Algorithm architecture search . In addition to the above work , There is also a rich research history , Designed to abandon manual architectural design , But looking for automatic learning network structure . Most of the early work in this field was carried out in the field of neuroevolution , They established a method of searching network topology by evolutionary method [25],[26]. Although calculation is usually required , But evolutionary search has achieved remarkable success , These include the sequence model [27]、[28] Find a good storage unit , And learn the complex architecture for large-scale image classification [29]、[30]、[31]. In order to reduce the computational burden of these methods , be based on Lamarckian Inherit [32] And microstructure search [33] An effective alternative to this method is proposed

By defining schema search as hyperparametric optimization , Random search [34] And other more complex model-based optimization techniques [35],[36] It can also be used to solve this problem . Topology selection as a path through the structure of possible design [37] And direct architecture prediction [38],[39] It is proposed as an additional feasible architecture search tool . Through intensive learning [40]、[41]、[42]、[43]、[44] The technique in , Achieved particularly remarkable results .SE block 3 It can be used as an atomic building block for these search algorithms , And proved to be efficient in concurrent work .

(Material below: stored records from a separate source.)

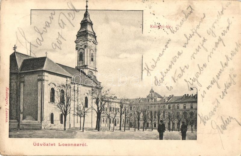 1907 Losonc, Lucenec; Kubinyi tér, templom / square, church
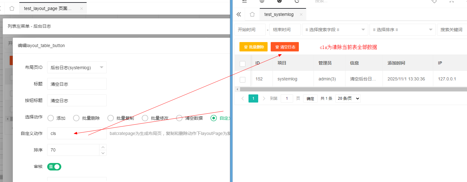 自定义动作:cls为清除当前表全部数据
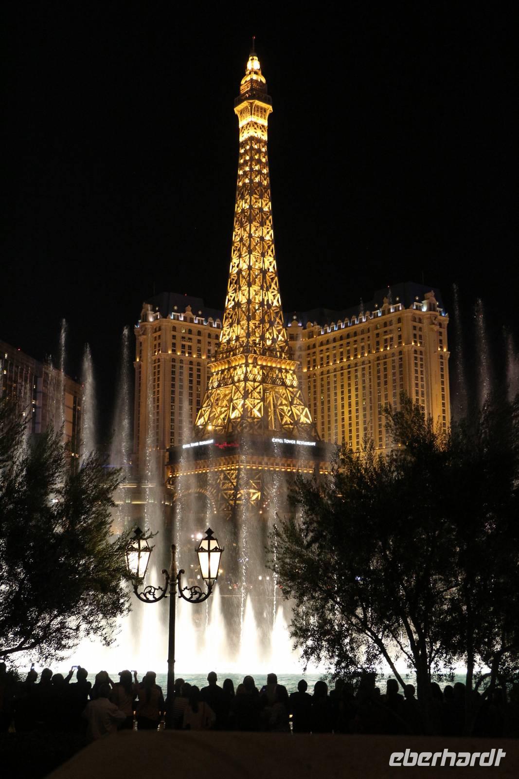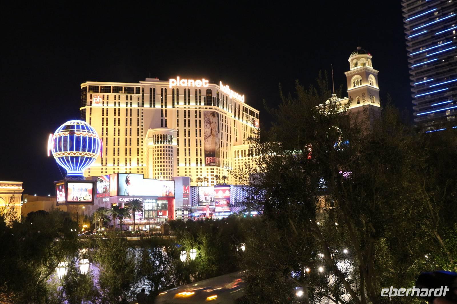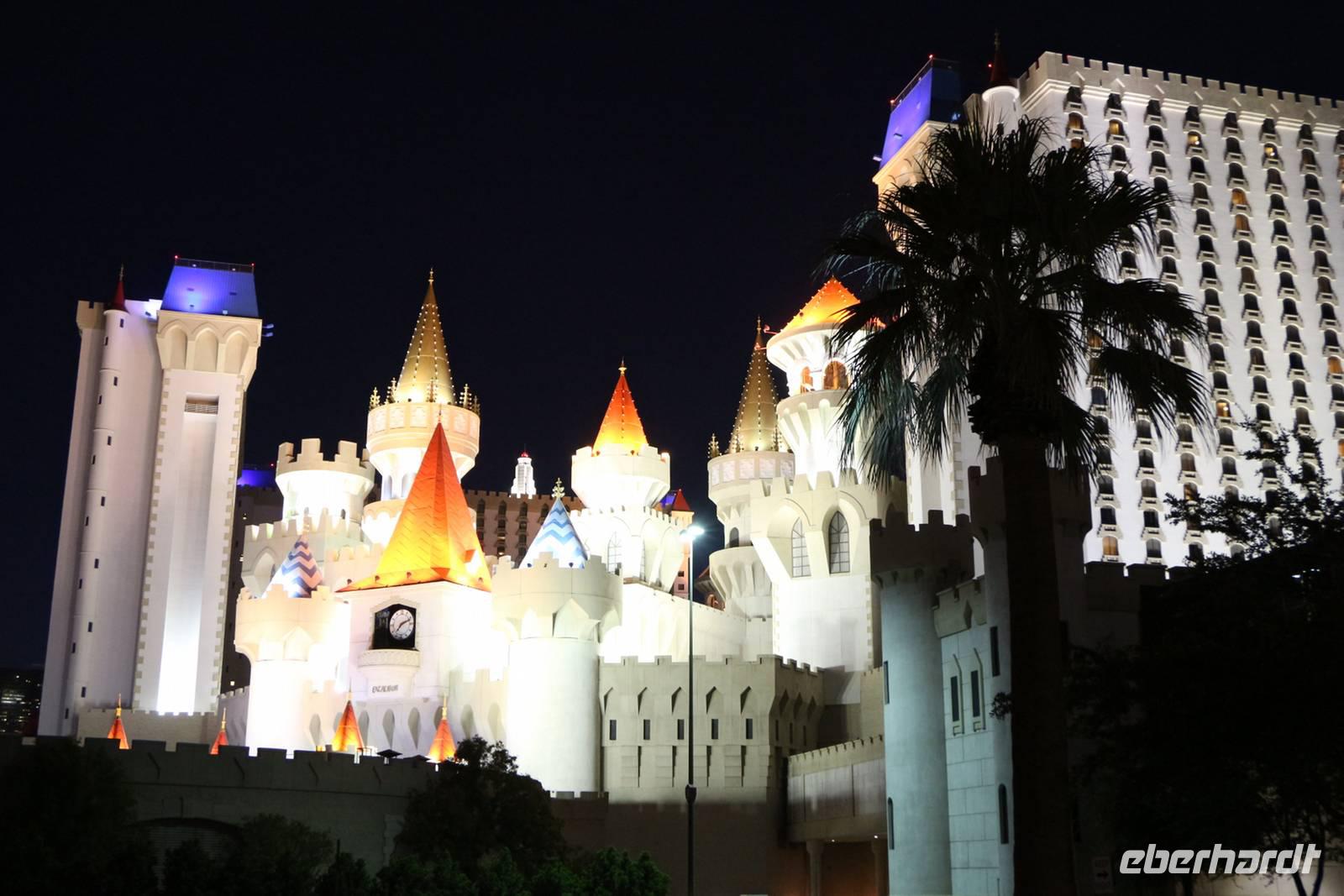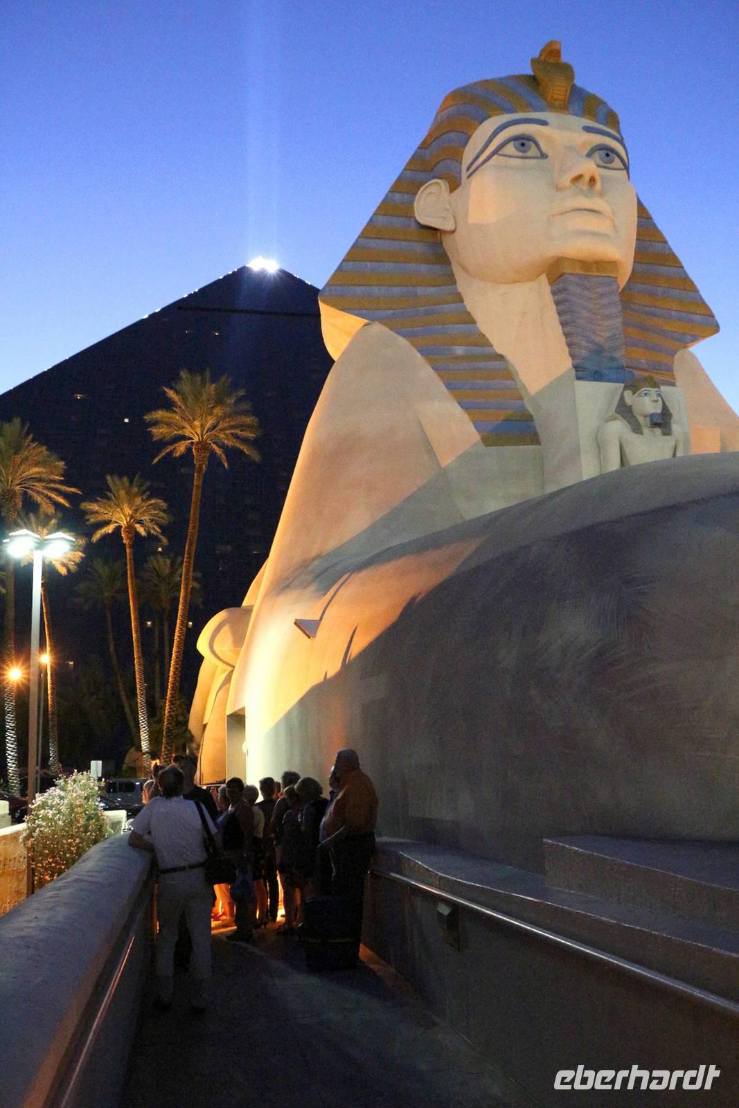Am späten Nachmittag erreichen wir eine der Städte, die niemals schläft: Las Vegas - das Kontrastprogramm zur ruhigen Natur der Nationalparks . Wir beziehen unsere Zimmer im Hotel "Luxor", einer riesigen Pyramide, die den Außmaßen der ägyptischen Cheops-Pyramide entspricht. Das ist das verrückte Amerika! Wie in allen Hotels von Las Vegas gibt es im Erdgeschoss ein großes Casino, in dem Spieler Tag und Nacht verbringen. Vor der Pyramide stehen sogar ein Obelisk und eine gewaltige Sphinx, durch die man das Hotel betritt. Nach unserem Abendessen vom reichhaltigen Buffet im Hotel treffen wir uns mit Reiseleiterin Janny zur abendlichen Stadtrundfahrt - der Las Vegas bei Nacht Tour. Nach den Erklärungen zur Architektur unseres eigenen Hotels "Luxor" steigen wir in den Bus und fahren den Las Vegas Boulevard hinauf, der auch Las Vegas Strip genannt wird. An ihm liegen alle die berühmten Hotels und Sehenswürdigkeiten der Stadt. Nächster Besichtigungspunkt ist das 5-Sterne-Hotel "Bellagio", das durch seine luxuriöse Lobby, den mit einem Blumenmeer bepflanzten Wintergarten und dem größten Schokoladenbrunnen der Welt beeindruckt. Das "Bellagio" ist für seine Wassershow berühmt, die jeden Abend am künstlichen See vor dem Hotel stattfindet. Das lassen wir uns nicht entgehen! Die Wasserspiele und Fontänen bewegen sich zur Musik vor der beleuchteten Kulisse des Las Vegas Strip.
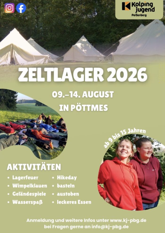 Auch dieses Jahr begeben wir uns gemeinsam mit Euch Kindern von 9 bis 15 Jahren in ein abenteuerliches Zeltlager. Gemeinsam werden wir eine unvergessliche Zeit erleben mit vielen verschiedenen Aktivitäten. Euch erwarten coole Geländespiele, Wasserspaß, aufregende Abende am Lagerfeuer mit Wimpelklauern, Bastelaktionen, schlafen in Zelten und noch vieles mehr. Das Zeltlager findet vom 9. bis zum 14. August im Pöttmes statt, wo wir gemeinsam mit dem Bus hinfahren werden. Wir freuen uns auf viele Kinder 🙂
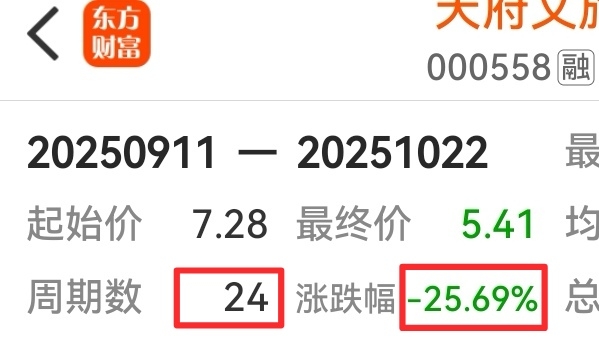 连续24个交易日,调整了25.69%超过一个月了!天府还没有止跌迹象!!
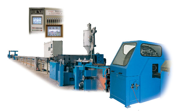 本设备可用于松套充油层绞式光缆的内、外护套的生产。同时也可用于平行双钢丝中心束管式光缆和(ADSS)全介质自承式架空光缆的挤出生产。
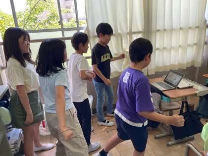 お昼休み。教室のすみで何やらダンスをしている子が。ダンス係が、みんなにダンスを教えるために準備をしているようです。楽しみです。
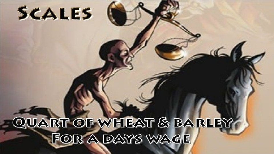 REVELATION 6: 5 -6 When the Lamb opened the third seal, I heard the third living creature say, “Come!” I looked, and there before me was a black horse! Its rider was holding a pair of scales in his hand. Then I heard what sounded like a voice among the four living creatures, saying, “Two pounds of wheat for a day’s wages, and six pounds of barley for a day’s wages, and do not damage the oil and the wine!”
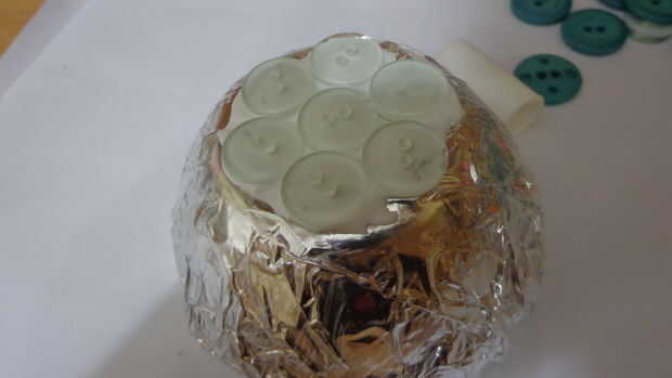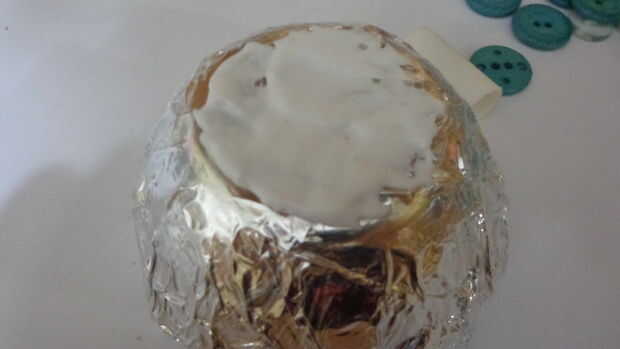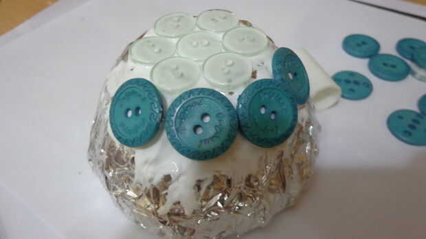 usar cuchillo para frotar el pegamento en el tazón de fuente. pegar cada botón una por una cuidadosamente en el recipiente. Asegúrese de que el pegamento no es demasiado en la superficie. hacerlo hasta que se llene el tazón de fuente.
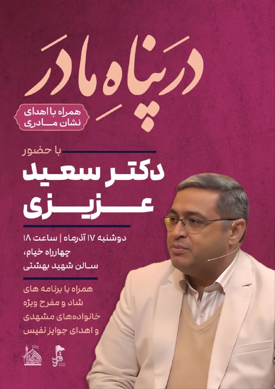 ▪اجتماع بزرگ خانوادههای مشهدی با عنوان “در پناه مادر” به مناسبت میلاد بانوی دو عالم، حضرت فاطمه زهرا (سلاماللهعلیها)
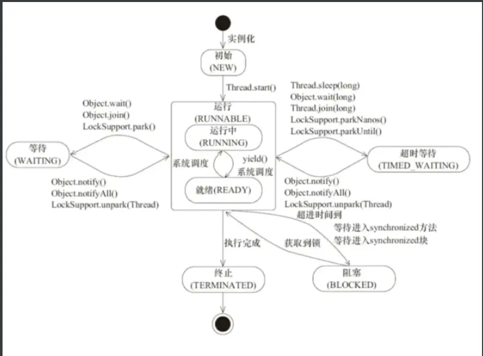 - Runnable (运行) :包括 Running (当前线程正在执行) 和 Ready (还没有执行,处于就绪状态,等着 cpu 调度为其分配时间片)
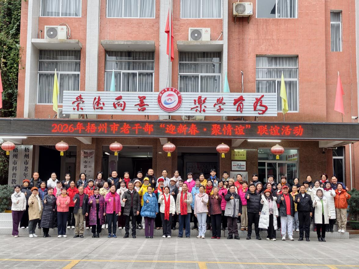 为进一步丰富老干部精神文化生活,展现新时代老干部昂扬向上的精神风貌,近日,梧州市委老干部局在市老干部活动中心举办2026年梧州市老干部“迎新春·聚情谊”活动。市银耀西江志愿服务总队、市银耀西江文化艺术总队、市老年大学学联会和市老年大学医疗志愿服务队等团队的60多名老干部参加活动,共同迎接新春佳节的到来。
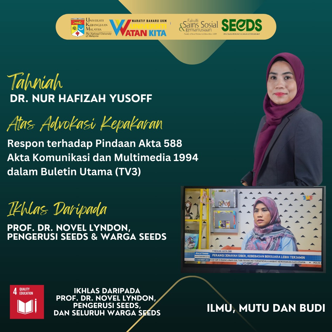 Tahniah diucapkan kepada YBrs. Dr. Nur Hafizah Yusoff, Ketua Program Antropologi dan Sosiologi di Pusat Kajian SEEDS. Mengutarakan pandangan semasa di temuramah wartawan Buletin Utama TV3 tentang respon terhadap Pindaan Akta 588 Akta Komunikasi dan Multimedia 1994 dalam Buletin Utama (TV3) pada 9 Disember 2024 yang lalu.
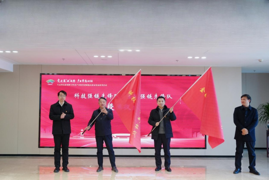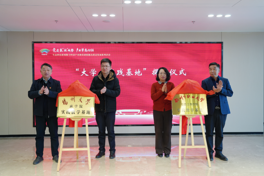 活动中,与会领导共同为“科技强链先锋队”“金融强链先锋队”授旗,向新城数字经济产业链成员单位颁发证书,“数字经济产业链共享中心”“扬州大学商学院实践教学基地”等基地揭牌。
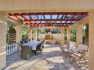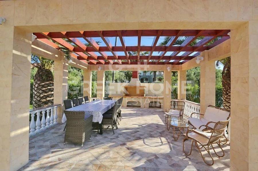 Pallini (Chalkidiki), Hanioti - Villa 350sqm plot 2100sqm, fully furnished, bedrooms 5, levels 3, excellent condition, year built 1900, energy class B+, 2 living rooms, hall, 2 kitchens, 5 bathrooms, 2 wc, heating type: autonomous (oil), air condition, parking, quiet, dual aspect apartment, luminous, sea view, frontage, storage space, solar heater, fireplace, balconies, garden, built in appliances, aluminum frames, double glazed windows, door screen, stone & marble floors, handicap ramp, separate kitchen, office, secure door, alarm, luxurious, swimming pool, internal staircase, barbeque, jacuzzi, playroom, guest house, satellite, pets allowed, close to sea (up to 20m).
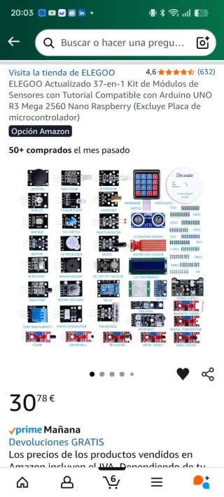 Kit de módulos de sensores ELEGOO actualizado, ideal para proyectos con Arduino UNO, R3, Mega 2560, Nano y Raspberry Pi. Incluye tutorial. - 37 módulos de sensores diferentes. - Compatible con Arduino UNO, R3, Mega 2560, Nano y Raspberry Pi. - Incluye tutorial para aprender a usarlos.
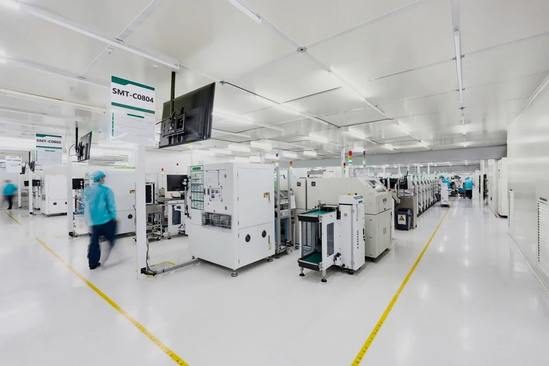 สายการผลิตของทั้งโรงงานประกอบด้วยส่วนของการติดตั้งชิ้นส่วน ทดสอบ และการจ่ายกาวและติดตั้งวัสดุเสริม ใช้การออกแบบสายการผลิตแบบเส้นเดียวต่อเนื่อง ยาวกว่า 70 เมตร ตั้งแต่ต้นจนจบไม่มีจุดขาด ทำให้การผลิตไหลลื่นตั้งแต่ชิ้นส่วนขนาดเล็กไปจนถึงเมนบอร์ดที่มีความซับซ้อนสูง ระดับอัตโนมัติของโรงงานอยู่ที่ประมาณ 90% – 95% จำนวนแรงงานต่อสายลดลงจากเดิม 11 คน เหลือเพียง 6 คน ความสามารถด้านการผลิตโดยรวมอยู่ในระดับแนวหน้าของอุตสาหกรรม
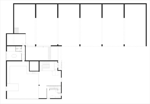 Piante, prospetti e sezione trasversale. Sono chiaramente distinguibili il corpo del magazzino, più alto e semi-interrato e a sinistra, proteso verso la strada, il corpo della centrale termica. |

Attention and gating mechanism . Note that it can be interpreted as a method of favoring the allocation of available computing resources to the most informative part of the signal [46]、[47]、[48]、[49]、[50]、[51]. Attention mechanisms have proven their usefulness in many tasks , Learning sequence includes [52],[53],[9],[54],[55],[56] Lip reading [57]. In these applications , It can be combined into one operator , Follow one or more layers , These layers represent a higher level of abstraction for adaptation between patterns . Some works have conducted interesting research on the combination of spatial attention and channel attention [58],[59].Wang wait forsomeone .[58] An hourglass based module is introduced [8] Powerful backbone and mask attention mechanism , The mechanism is inserted between the intermediate stages of the deep residual network . by comparison , What we proposed SE The block contains a lightweight gating mechanism , This mechanism models the channel relationship in a computationally efficient way , Focus on enhancing the presentation ability of the network .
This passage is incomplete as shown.